ACTIVITY: Would you return exactly the lines from the top of the data below through the one containing "Bongaigaon (34 km)", leaving out the pictures?

INFORMATION SHOWN:

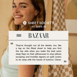 This square ad template is designed for premium bedding brands selling sheets, pillowcases, and duvet covers, using a high-trust “as seen in” press quote to win attention fast. A warm, cozy lifestyle photo fills the background: a smiling person in soft light with a beige-and-white check pattern that instantly signals home comfort. Centered on top, a clean white editorial card mimics a magazine clipping, featuring a bold “BAZAAR” masthead and a long quotation block with oversized quotation marks—perfect for showcasing a real review about thoughtful product details (deep pockets, zipper duvet, stay-put pillowcases). The typography contrasts a modern sans headline with classic editorial styling, creating a premium, reputable feel. Psychologically, it leverages trust and aspiration at top-of-funnel for unaware audiences: instead of pushing specs, it borrows credibility from a recognizable publication format. Customize by swapping the masthead with your press logo, tightening the quote to 2–3 strongest benefits, and adding your brand mark and CTA while keeping the editorial card structure intact for maximum authority.
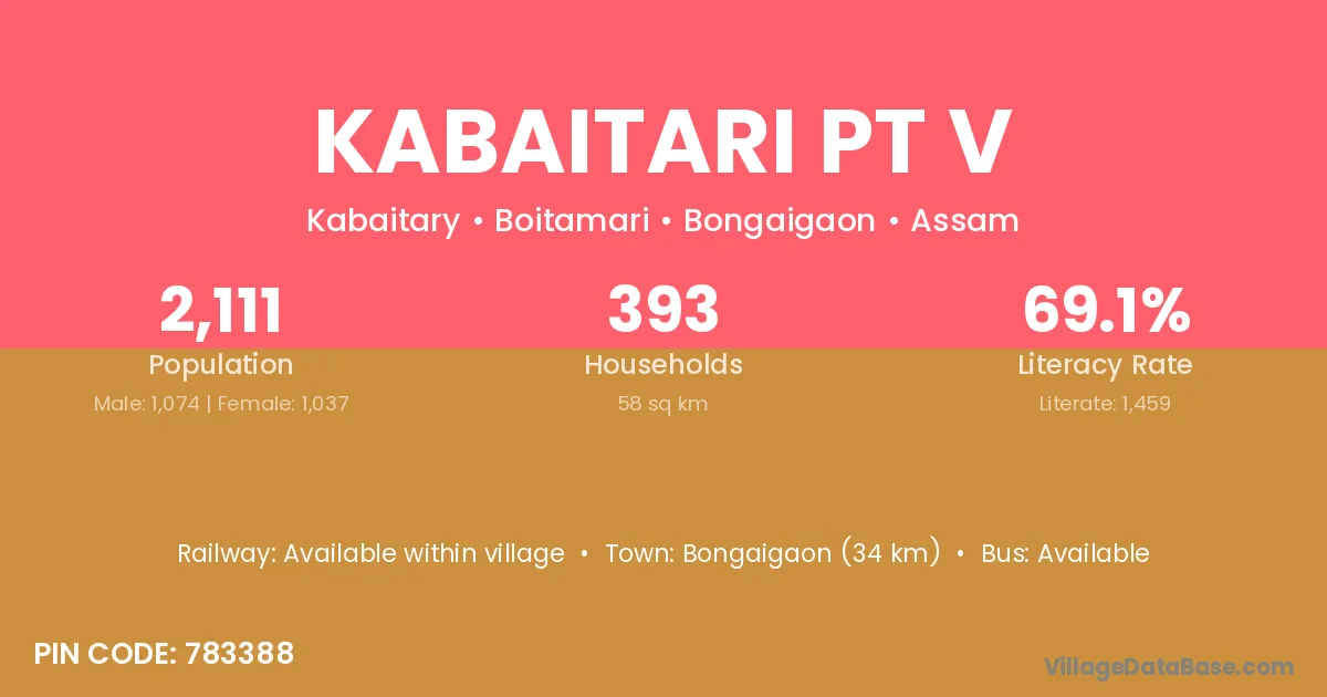 Bongaigaon (34 km) is the nearest town to Kabaitari Pt V village for major economic activities and is located approximately 34 km away.
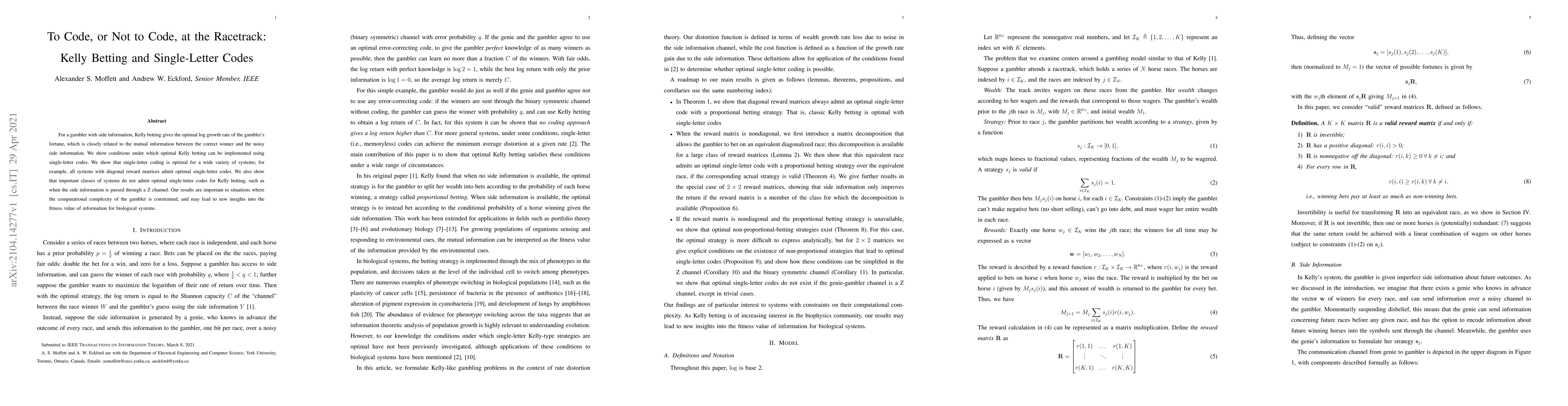 For a gambler with side information, Kelly betting gives the optimal log growth rate of the gambler's fortune, which is closely related to the mutual information between the correct winner and the noisy side information. We show conditions under which optimal Kelly betting can be implemented using single-letter codes. We show that single-letter coding is optimal for a wide variety of systems; for example, all systems with diagonal reward matrices admit optimal single-letter codes. We also show that important classes of systems do not admit optimal single-letter codes for Kelly betting, such as when the side information is passed through a Z channel. Our results are important to situations where the computational complexity of the gambler is constrained, and may lead to new insights into the fitness value of information for biological systems.
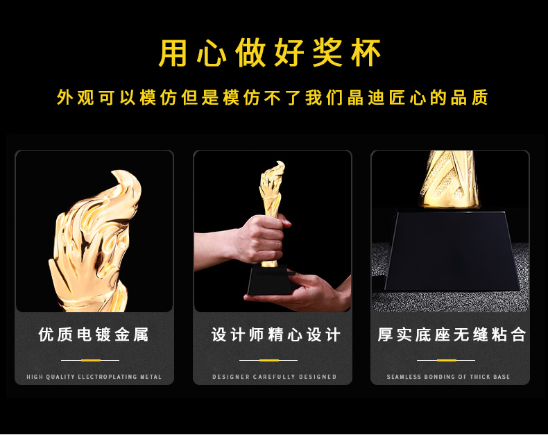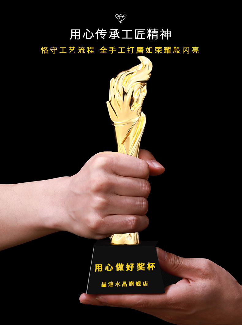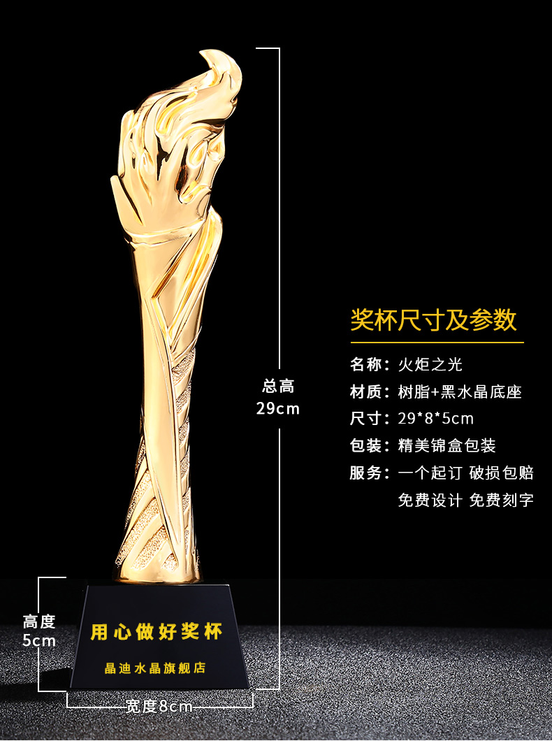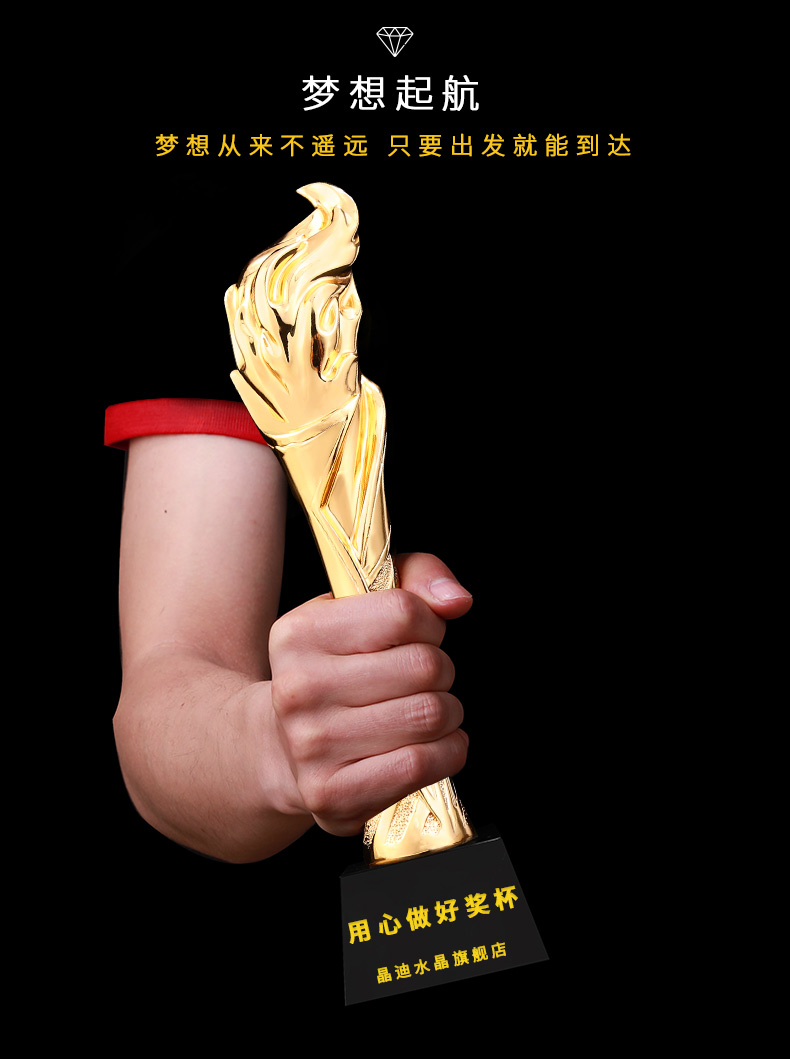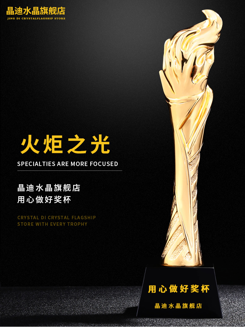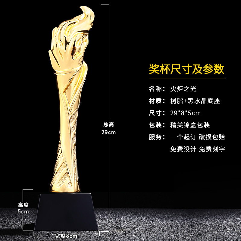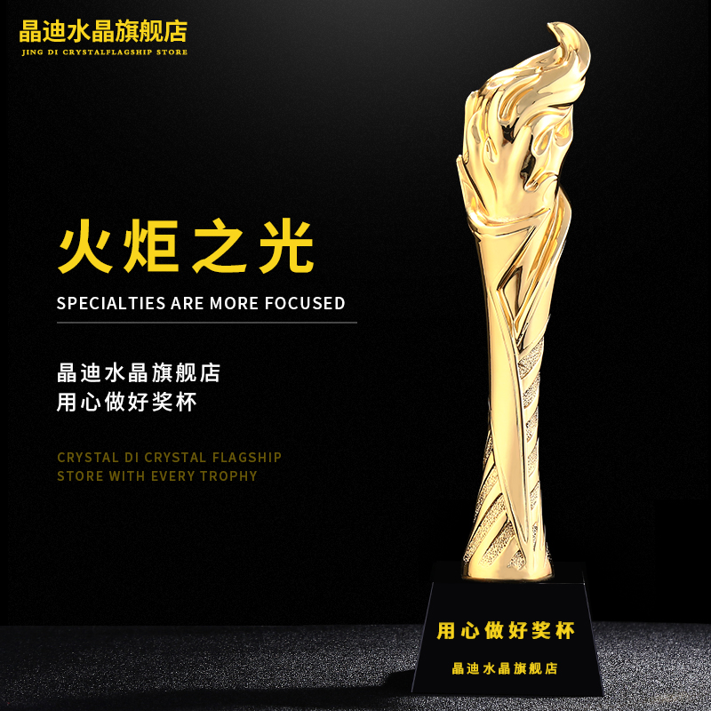 火炬之光 鍍金獎杯 創意獎杯專業定制 企業員工頒獎禮品訂制

EXERCISE OUTPUT:
 This square ad template is designed for premium bedding brands selling sheets, pillowcases, and duvet covers, using a high-trust “as seen in” press quote to win attention fast. A warm, cozy lifestyle photo fills the background: a smiling person in soft light with a beige-and-white check pattern that instantly signals home comfort. Centered on top, a clean white editorial card mimics a magazine clipping, featuring a bold “BAZAAR” masthead and a long quotation block with oversized quotation marks—perfect for showcasing a real review about thoughtful product details (deep pockets, zipper duvet, stay-put pillowcases). The typography contrasts a modern sans headline with classic editorial styling, creating a premium, reputable feel. Psychologically, it leverages trust and aspiration at top-of-funnel for unaware audiences: instead of pushing specs, it borrows credibility from a recognizable publication format. Customize by swapping the masthead with your press logo, tightening the quote to 2–3 strongest benefits, and adding your brand mark and CTA while keeping the editorial card structure intact for maximum authority.
 Bongaigaon (34 km) is the nearest town to Kabaitari Pt V village for major economic activities and is located approximately 34 km away.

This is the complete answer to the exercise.